Of course, you’ll probably never ask him this, either.

Despite the loathing we feel for them upon sight, roaches aren’t all bad. The little six-legged critters serve an important ecological purpose.

After reading the News & Observer story about N.C. State University scientists seeking more effective ways to exterminate them — I think it involved putting mittens on their hands so they couldn’t wash up before supper — I decided to see what would happen if we were to rid the planet of them.

“First of all, you’re not going to do that,” Dr. Joseph Kunkel of the University of Massachusetts-Amherst said with a laugh Wednesday when I called him up. “We’ve domesticated them, welcomed them into our buildings and they’re not about to leave.”

Nature’s garbage men

Even if you could wipe them out, he said, you shouldn’t want to. “They’re part of the food web. Birds eat them,” he said. “There are about 3,000 species of cockroaches, and only 10 species are considered pests. They sort of clean up after us messy people. ... They’re omnivores, so they eat plants and animal materials. So, basically, they’re (nature’s) garbage men.”

Chill, trash collectors. He meant that in a good way.

Despite his obvious admiration for roaches, Kunkel, a biology professor, said, “They are sort of dangerous. They can cause childhood asthma, so in the home, it’s good to somehow control them. ... Every time they shed their cuticles, the bits of cuticles go into the rug. The cuticles contain allergens that, if the children breathe them in continuously, generate an asthmatic response.”

Kunkel has obviously made his living in part by studying cockroaches.

Before the government got involved, I made mine by killing them: When the man in charge of spraying my apartment complex in Atlanta for bugs was fixing to retire, he asked if I wanted to take over his business.

Boy, did I! Whether or not his stuff worked was debatable — the no-named complex had more bugs in it than a building the CIA suspects of housing al-Qaeda — but it was a business opportunity I couldn’t pass up.

Bug killer Barry

I bought out all of his sprays and potions and his customer list, and began spraying. Everywhere and everything. Killing bugs helped me pay my way through college and kept my pantry stocked with those four-for-a-dollar boxes of macaroni with the orange-y powdered cheese.

Only years later did I realize that a great business slogan would’ve been, “The other guys may bury your pests: We’re cheaper and we’ll Barrymore.”
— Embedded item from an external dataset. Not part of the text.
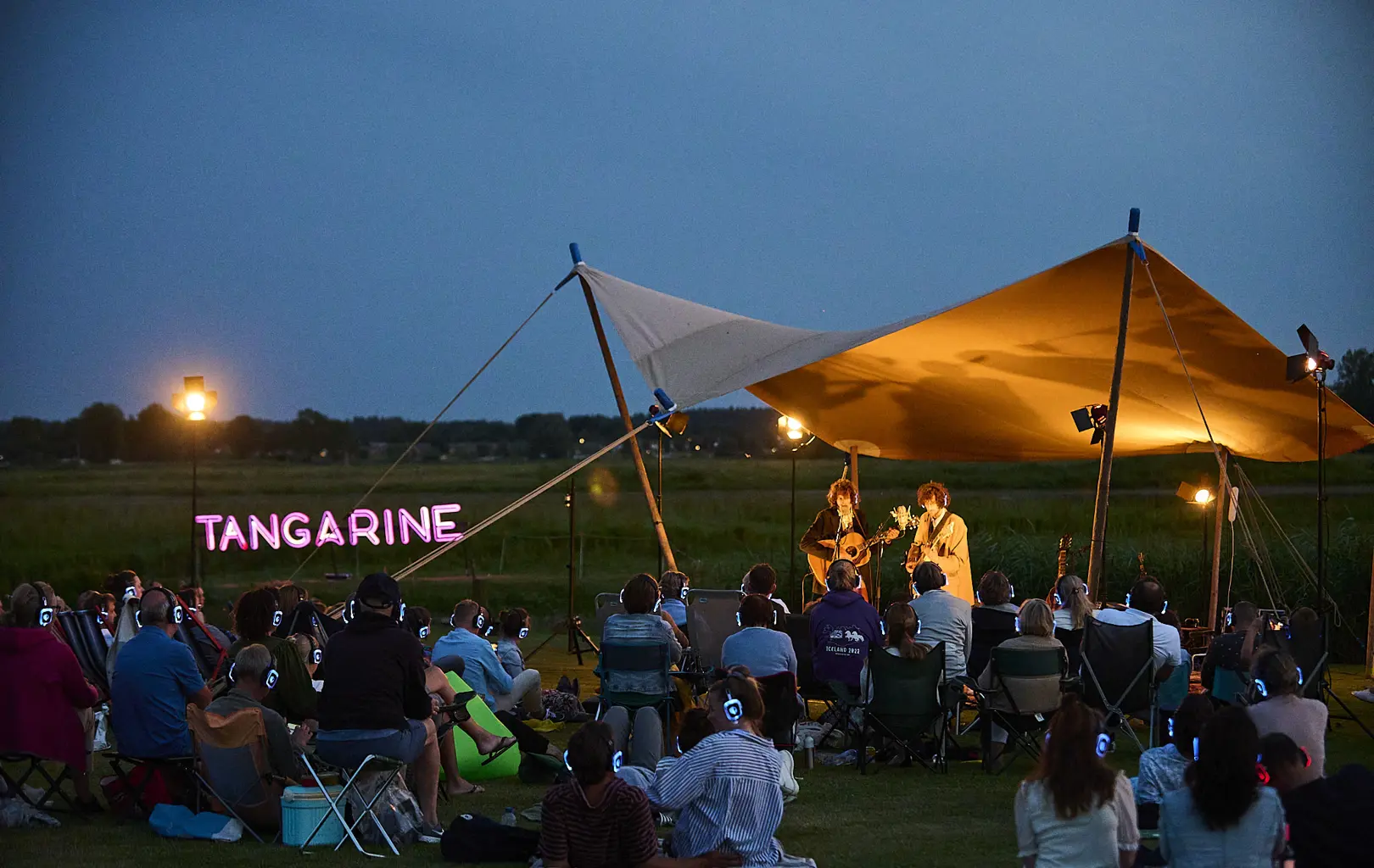 Op de langste dag van het jaar organiseert Tangarine sinds 2020 de IJsselconcerten, net buiten Zwolle. Op zondag 21 juni 2026 zullen de tweelingbroers Sander en Arnout Brinks wederom twee intieme concerten verzorgen volgens het bekende recept: een schitterend natuurdecor met ondergaande zon, een aandachtig luisterend publiek met koptelefoons op, luisterend naar de perfecte harmonieën van deze tweelingbroers.

Okay, maybe it wasn’t so great.

Besides, after a few months, someone from the city came a’knockin’ and inquired whether I had a business license.
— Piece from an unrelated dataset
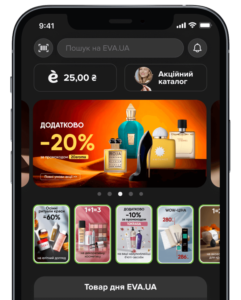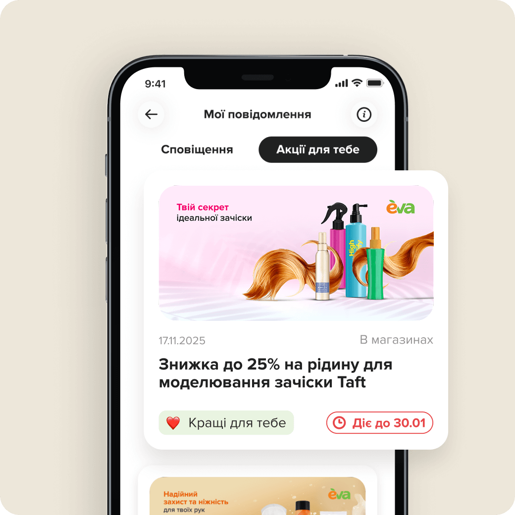 Купуй з карткою EVA МОЗАЇКА та отримуй персональні промо у своєму застосунку

No. Days later a representative from the EPA or some government agency charged with protecting the public from numbskulls with deadly chemicals demanded to know if I were qualified to handle toxic sprays and potions.

No, again. I still think it was Preston, a schoolmate who lived in the building next door, who ratted me out because I wouldn’t spray his place for free.

Anyway, thus ended my career as an exterminator. Last time I was in Atlanta, the apartment complex was still standing. All the tenants are long gone, and the roaches now have the run of the place.

Remember that, NCSU researchers. Despite your best efforts and mine, the cockroaches will be around to dance on all of our graves.